Ken Lolla

Personal information
- Full name: Ken Lolla
- Date of birth: c. 1961 (age 64–65)
- Place of birth: Belmar, New Jersey, United States
- Position: Midfielder

Youth career
- –1980: St. Rose Purple Roses

College career
- Years: Team / Apps / (Gls)
- 1980–1983: Duke Blue Devils

Senior career*
- Years: Team / Apps / (Gls)
- 1984: Charlotte Gold
- 1984–1988: Canton Invaders (indoor)
- 1988: New Jersey Eagles
- 1990: Penn-Jersey Spirit

Managerial career
- 1984: Monmouth Hawks (assistant)
- 1985: Duke Blue Devils (assistant)
- 1987: Lake High School
- 1988–1989: Duke Blue Devils (assistant)
- 1990–1992: Belmont Abbey Crusaders
- 1993–2005: Akron Zips
- 2006–2018: Louisville Cardinals

= Ken Lolla =

American soccer player-coach

Ken Lolla is a soccer coach who was formerly head men's soccer coach at the University of Louisville. He is also a writer and professional speaker. Lolla played collegiate soccer at Duke University and professionally at various US professional soccer teams. He has earned several accolades as both a player and coach.

==Player==
Lolla attended St. Rose High School in Belmar, New Jersey where he was a 1980 High School All-American; he also played on the U.S. Olympic Sports Festival teams in 1979 and 1983. Lolla went on to play collegiate soccer at Duke University from 1980 to 1983 where he was a three-time all-conference selection of the Atlantic Coast Conference and earned All-South and All-America in 1981 and 1983. He graduated in 1983 with a degree in biology.

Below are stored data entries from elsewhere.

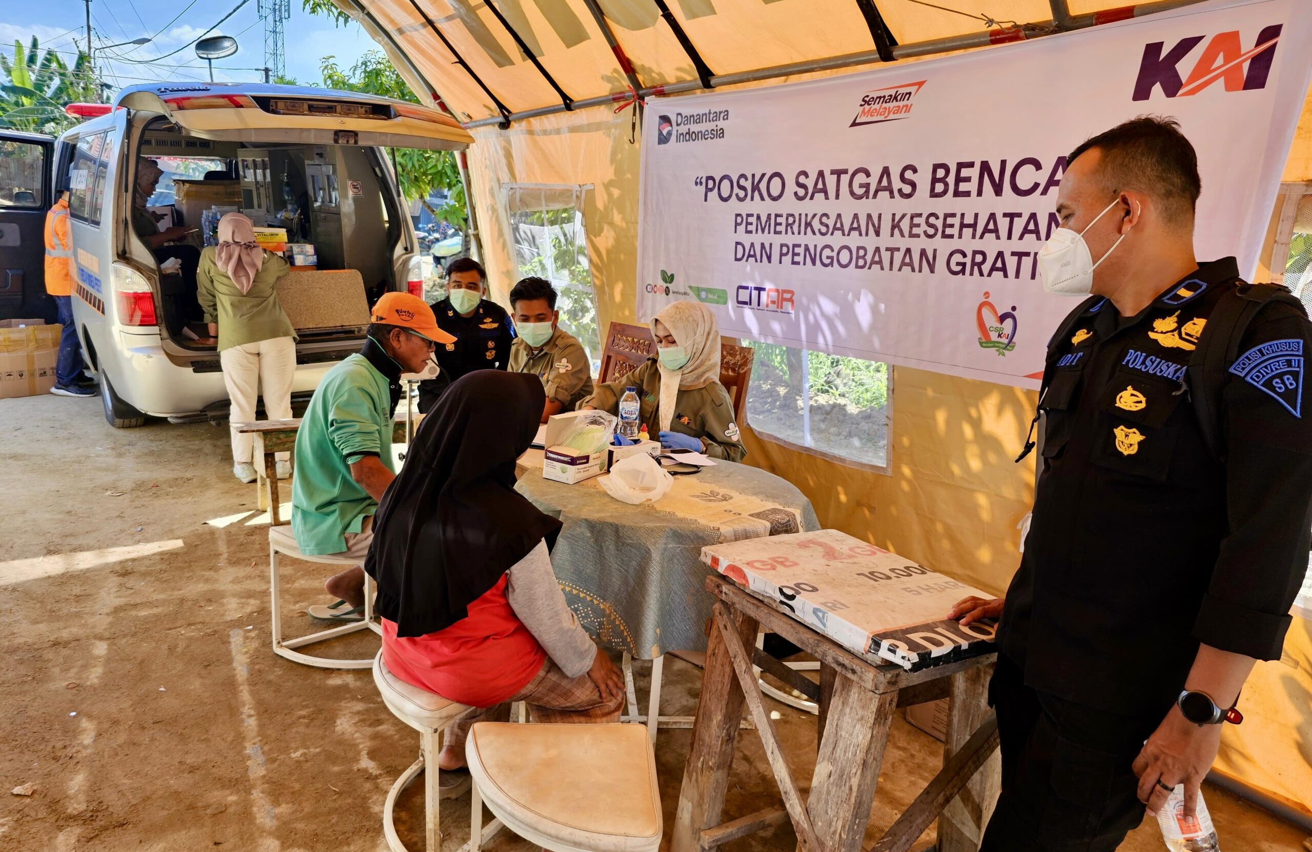 Layanan kesehatan yang diberikan meliputi pemeriksaan tekanan darah, pengecekan kolesterol, gula darah, dan asam urat, serta pengobatan gratis. Seluruh warga yang terdampak banjir dapat memanfaatkan fasilitas ini tanpa syarat apa pun.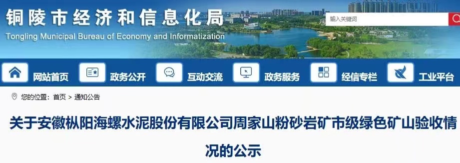 近日,安徽省銅陵市經(jīng)濟(jì)和信息化局發(fā)布關(guān)于安徽樅陽海螺水泥股份有限公司周家山粉砂巖礦市級(jí)綠色礦山驗(yàn)收情況的公示。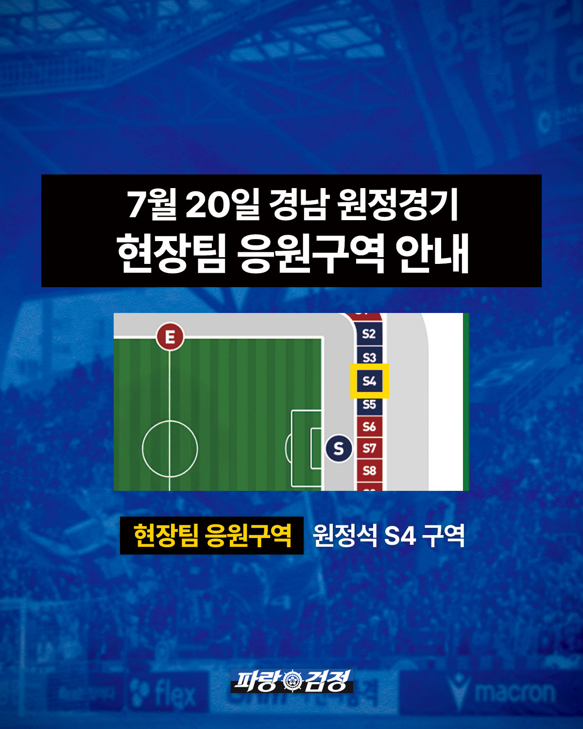 해당 구역을 중심으로 현장팀의 악기, 깃발 등이 설치될 예정이오니 파랑검정 팬 여러분들의 많은 양해 부탁드리겠습니다.

He was selected in the fourth round of the North American Soccer League draft by the Tampa Bay Rowdies. Lolla played professional soccer for the Charlotte Gold of the United Soccer League. He also played for the Canton Invaders of the National Professional Soccer League from 1984 to 1988. He also served as the Youth Development Director for the Canton Invaders in 1985 and 1986. He handled community and public relations in 1987 and 1988 in conjunction with appearances as a player for the NPSL franchise. In the Spring 1988, he moved to the New Jersey Eagles of the American Professional Soccer League. In 1990, he played for the Penn-Jersey Spirit, but he left the team on June 14, 1990, when he was hired as head coach of Belmont Abbey College. In 2002, Lolla was one of 55 players named to the ACC's 50th Anniversary Men's Soccer Team.

==Coach==
Lolla began coaching during his playing career when he served as an assistant at Monmouth University in 1984. In 1985, he spent time as an assistant coach with his alma mater, Duke, then served as the head coach at Lake High School in Uniontown, Ohio in 1987. He returned as an assistant coach with Duke in 1988 and 1989. In 1993, he became the head coach of Belmont Abbey College an NCAA Division II soccer team. In his three seasons as head coach, he compiled a 49–16–3 record and the team won three consecutive Carolinas Conference Championships. Lolla was named the Carolinas Conference Coach of the Year in 1990 and NSCAA-NAIA National Coach of the Year in 1992.

For the next thirteen years Lolla went on to coach the Akron Zips where he was the winningest coach in school history compiling a 160–68–25 record along with eight Mid-American Conference Championships and a school record five straight NCAA Tournament appearances. Lolla coached 38 first team All-MAC players while at Akron and was named MAC coach of the year three times. Coach Lolla is a member of the Akron Hall of Fame.

On December 16, 2005, University of Louisville announced it had hired Lolla as the school's new head coach. In his second season at Louisville, the Cardinals finished 11–7–4 with an appearance in the NCAA Tournament's second round, where they lost to eventual National runner up Ohio State University. In the past five seasons, Coach Lolla has taken University of Louisville from a losing program to the 2010 NCAA College Cup Final, 2010 Big East Conference Championship, No. 1 national ranking, and 20–1–3 record. Lolla was named the 2010 National Coach of the Year and his staff was named the 2010 Big East Coaching Staff of the Year. In Fall 1999, he was appointed head coach of the U.S. Soccer Federation Under-15 National Team. After the 2018 season, Lolla resigned after 13 years and a 155–77–39 record with the team.

==Personal==
Ken, his wife Tina, and their three children reside in Louisville, Kentucky.